▶

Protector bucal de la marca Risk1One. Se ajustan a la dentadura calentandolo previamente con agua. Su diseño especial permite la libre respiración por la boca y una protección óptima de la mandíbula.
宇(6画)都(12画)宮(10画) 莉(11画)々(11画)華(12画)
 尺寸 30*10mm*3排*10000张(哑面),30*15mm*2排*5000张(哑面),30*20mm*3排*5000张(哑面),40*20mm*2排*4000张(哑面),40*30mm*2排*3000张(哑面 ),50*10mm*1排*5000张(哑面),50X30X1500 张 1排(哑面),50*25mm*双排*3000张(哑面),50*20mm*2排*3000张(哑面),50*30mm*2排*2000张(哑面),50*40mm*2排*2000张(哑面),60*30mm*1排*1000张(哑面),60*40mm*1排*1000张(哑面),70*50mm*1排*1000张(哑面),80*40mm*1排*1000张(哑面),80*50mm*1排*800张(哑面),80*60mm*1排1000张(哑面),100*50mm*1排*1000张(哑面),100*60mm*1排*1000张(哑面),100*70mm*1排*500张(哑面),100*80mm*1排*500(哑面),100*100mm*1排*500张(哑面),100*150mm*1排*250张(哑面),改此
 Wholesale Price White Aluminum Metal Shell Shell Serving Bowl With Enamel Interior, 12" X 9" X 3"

◀
▶

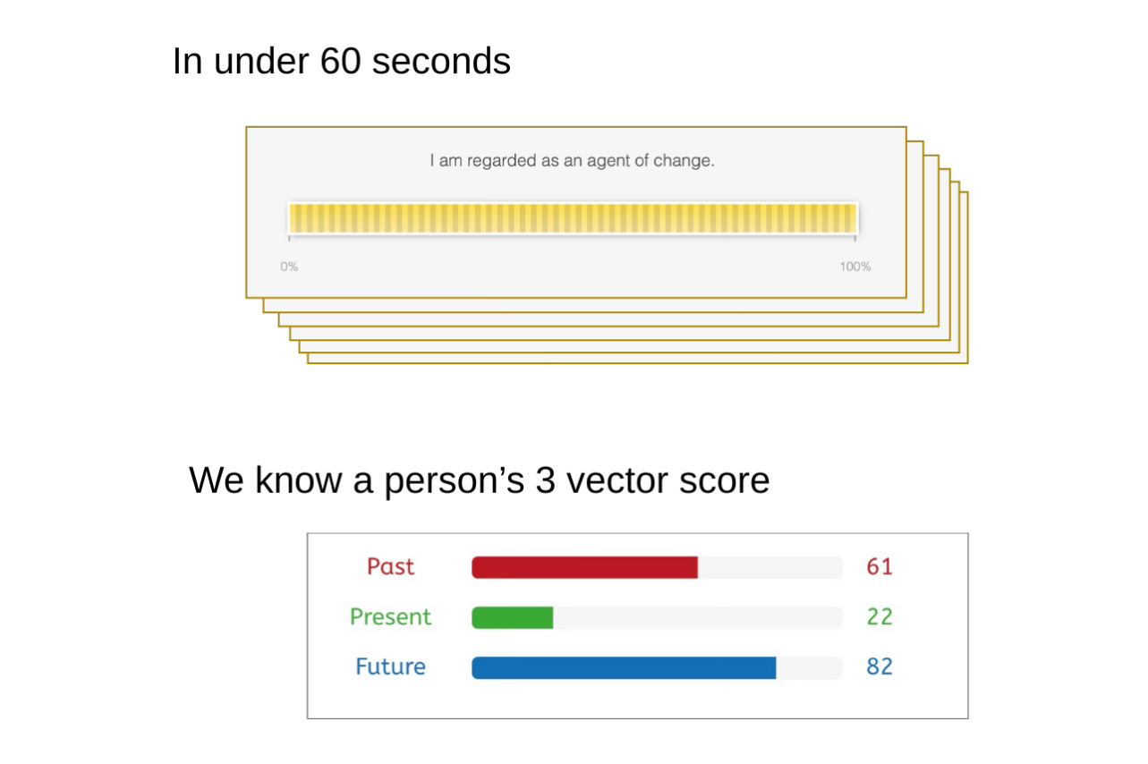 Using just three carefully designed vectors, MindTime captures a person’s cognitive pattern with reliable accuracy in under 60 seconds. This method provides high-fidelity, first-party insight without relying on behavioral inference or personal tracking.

◀
▶

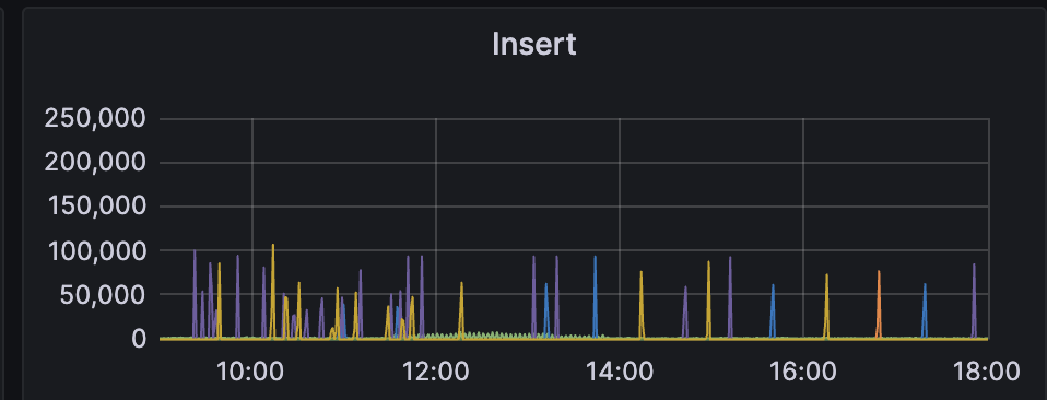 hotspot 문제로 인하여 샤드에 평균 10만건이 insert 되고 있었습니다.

◀

◆ Required action: Repeat exactly the lines of the listing above, from the one with "Protector bucal de" down to the one with "宇(6画)都(12画)宮(10画) 莉(11画)々(11画)華(12画)"; both of those lines belong in the range.

◆ Solution for this problem:
Protector bucal de la marca Risk1One. Se ajustan a la dentadura calentandolo previamente con agua. Su diseño especial permite la libre respiración por la boca y una protección óptima de la mandíbula.
宇(6画)都(12画)宮(10画) 莉(11画)々(11画)華(12画)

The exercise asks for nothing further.